A California-based accounting firm and two of its partners settled charges with the Securities and Exchange Commission alleging “repeated failures” in conducting custody examinations for two SEC-registered investment advisers.
Farber Hass Hurley (FHH) and its partners Michel Abedian and Michael Hurley did not use proper attestation and compliance standards when conducting surprise examinations of clients, according to the SEC’s order filed Wednesday.
From 2017 through 2020, FHH was retained by two unnamed investment advisory firms to conduct custody exams, with Adviser A requiring FHH to retroactively conduct an exam for 2017 after it failed to obtain one.

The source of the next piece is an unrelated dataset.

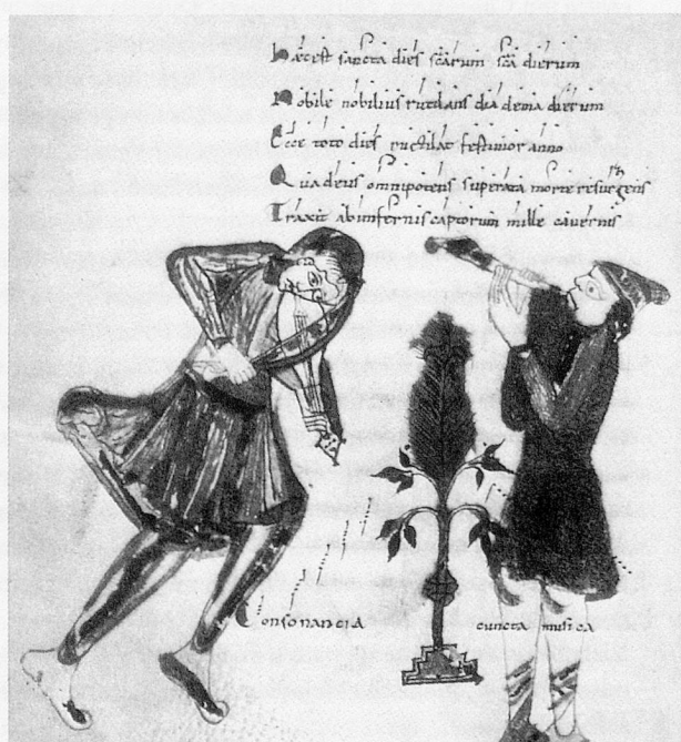
Handschrift aus dem 13. Jahrhundert

“In conducting such examinations, the objectives of the accountant are to obtain reasonable assurance about whether the entity complied with the specified requirements in all material respects and to express an opinion thereon,” the order stated. “To comply with the requirements … accountants should obtain sufficient appropriate evidence to reduce attestation risk to an acceptably low level and thereby enable the accountant to draw reasonable conclusions on which to base the accountant’s opinion.”
Abedian allegedly failed to confirm balances and transactions with custodial clients and to reconcile brokerage confirmations to adviser books and records. He did not “obtain sufficient appropriate evidence to support FHH’s opinion,” according to the order. Additionally, Abedian knew in 2017 and 2018 Adviser A had various internal control and books and records deficiencies but did not consider these deficiencies in designing attestation procedures for future exams of the client, according to the SEC.
Hurley failed to make an objective evaluation of the deficient judgments made by Abedian’s team, the SEC alleged, and should have known Abedian did not perform the confirmation and reconciliation procedures and failed to ensure sufficient procedures were performed.
Further, Hurley was involved in establishing FHH’s quality control policies and responsible for monitoring compliance with the policies, the SEC noted.
Without admitting or denying wrongdoing, FHH agreed to a censure. Abedian and Hurley agreed to be suspended from practicing before the SEC as accountants for two and one years, respectively. Upon reinstatement, both partners will be required to undergo independent reviews.
FHH did not respond to a request for comment.